- Task item
Write the data below out exactly as it stands. Do not include the pictures.

- Dataset section
——

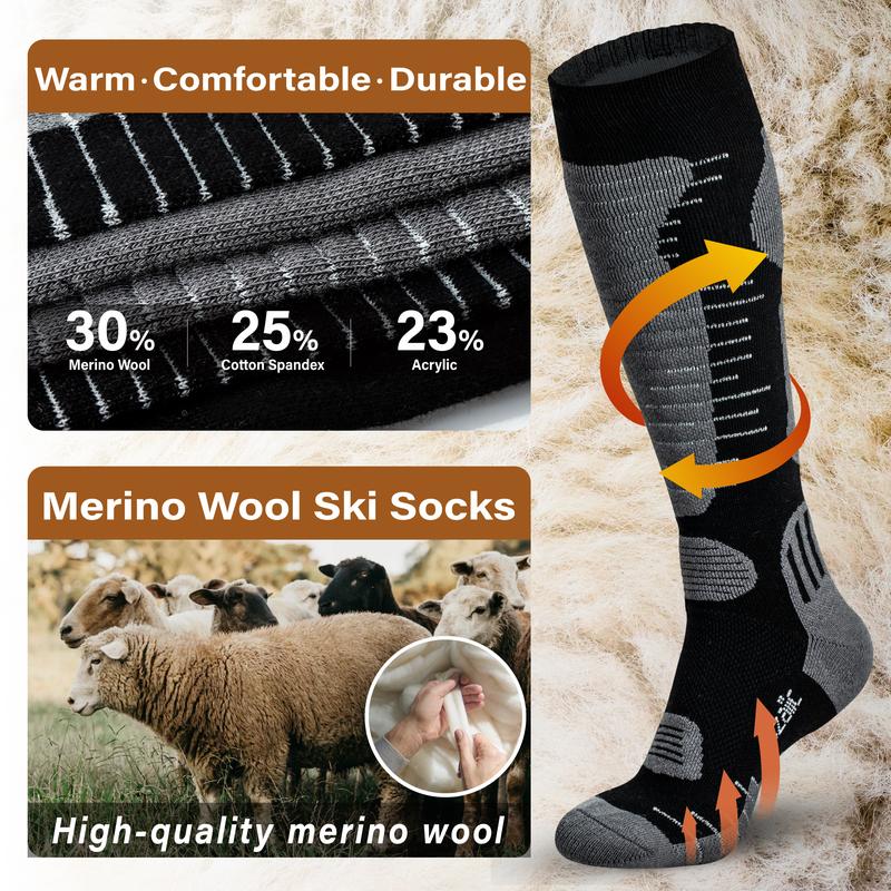 ·【Merino Wool Ski Socks】: Thermal ski socks for womens and mens are made of Merino wool, Polyester Fiber, Cotton spandex which has excellent thermal insulation, comfort, and breathability, keeping your feet extra warm during winter skiing or outdoor sports. Perfect for outdoor work, Motorcycle, Cycling, Ski, Mountain Climbing, Hiking, Camping, Hunting, Ice Fishing or playing winter sports.
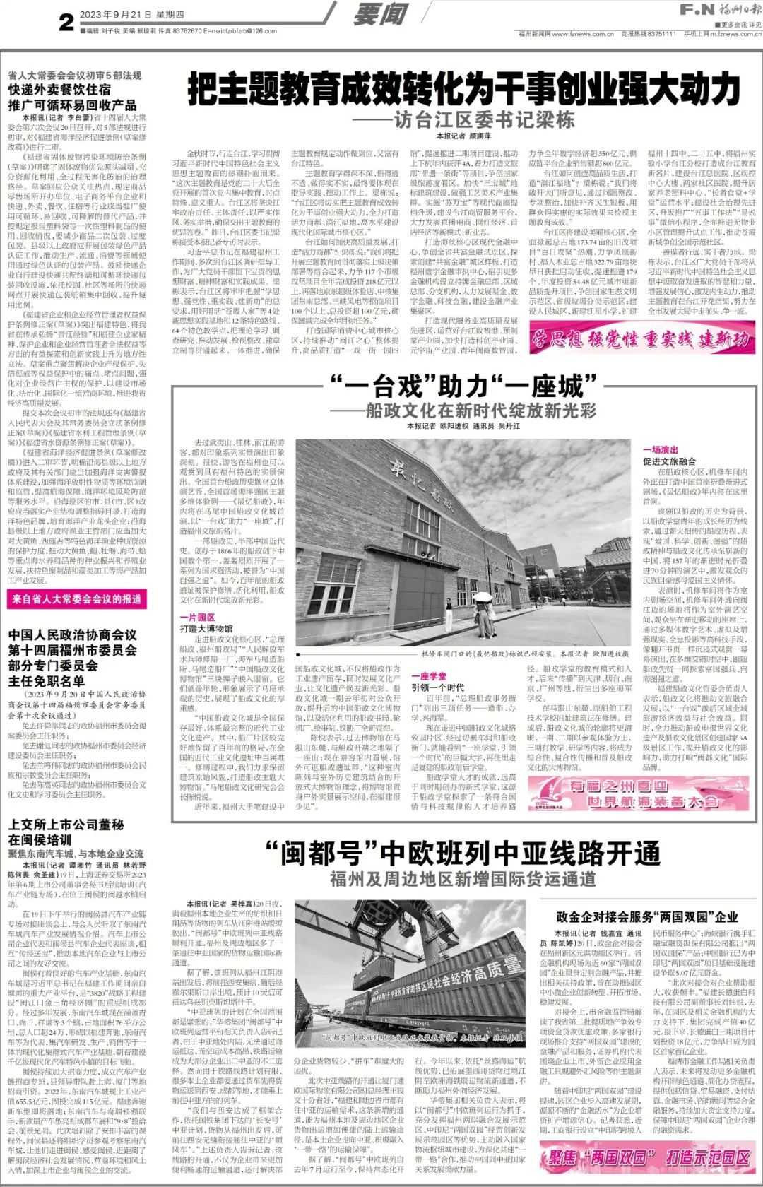 金秋时节,行走台江,学习贯彻习近平新时代中国特色社会主义思想主题教育的热潮扑面而来。“这次主题教育是党的二十大后全党开展的首次党内集中教育,时点特殊、意义重大。台江区将坚决扛牢政治责任、主体责任,以严实作风、务实举措,确保交出主题教育的优异答卷。”昨日,台江区委书记梁栋接受本报记者专访时表示。 习近平总书记在福建福州工作期间,多次到台江区调研指导工作,为广大党员干部留下宝贵的思想财富、精神财富和实践成果。梁栋表示,台江区将牢牢把握“学思想、强党性、重实践、建新功”的总要求,用好用活“苍霞人家”等4处新思想实践基地和12条特色路线、64个特色教学点,把理论学习、调查研究、推动发展、检视整改、建章立制等贯通起来、一体推进,确保主题教育规定动作做到位,又富有台江特色。
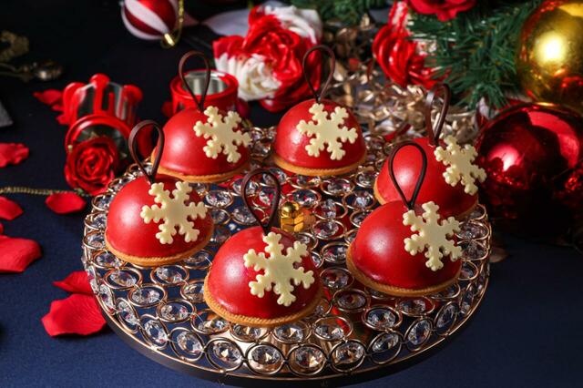 クリスマスオーナメントに見立てたチョコレートムースの中から、木苺のジャムの爽やかな酸味を感じる一品。
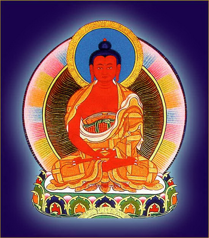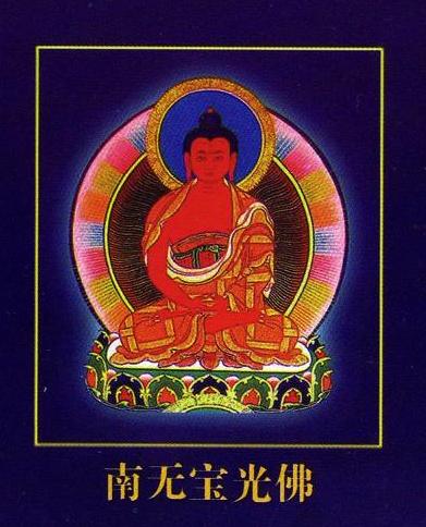 东方大宝世界之宝光佛,身红色,两手结定印。顶礼此佛可消除二万五千大劫罪障。

——

- Output
 ·【Merino Wool Ski Socks】: Thermal ski socks for womens and mens are made of Merino wool, Polyester Fiber, Cotton spandex which has excellent thermal insulation, comfort, and breathability, keeping your feet extra warm during winter skiing or outdoor sports. Perfect for outdoor work, Motorcycle, Cycling, Ski, Mountain Climbing, Hiking, Camping, Hunting, Ice Fishing or playing winter sports.
 金秋时节,行走台江,学习贯彻习近平新时代中国特色社会主义思想主题教育的热潮扑面而来。“这次主题教育是党的二十大后全党开展的首次党内集中教育,时点特殊、意义重大。台江区将坚决扛牢政治责任、主体责任,以严实作风、务实举措,确保交出主题教育的优异答卷。”昨日,台江区委书记梁栋接受本报记者专访时表示。 习近平总书记在福建福州工作期间,多次到台江区调研指导工作,为广大党员干部留下宝贵的思想财富、精神财富和实践成果。梁栋表示,台江区将牢牢把握“学思想、强党性、重实践、建新功”的总要求,用好用活“苍霞人家”等4处新思想实践基地和12条特色路线、64个特色教学点,把理论学习、调查研究、推动发展、检视整改、建章立制等贯通起来、一体推进,确保主题教育规定动作做到位,又富有台江特色。
 クリスマスオーナメントに見立てたチョコレートムースの中から、木苺のジャムの爽やかな酸味を感じる一品。
 东方大宝世界之宝光佛,身红色,两手结定印。顶礼此佛可消除二万五千大劫罪障。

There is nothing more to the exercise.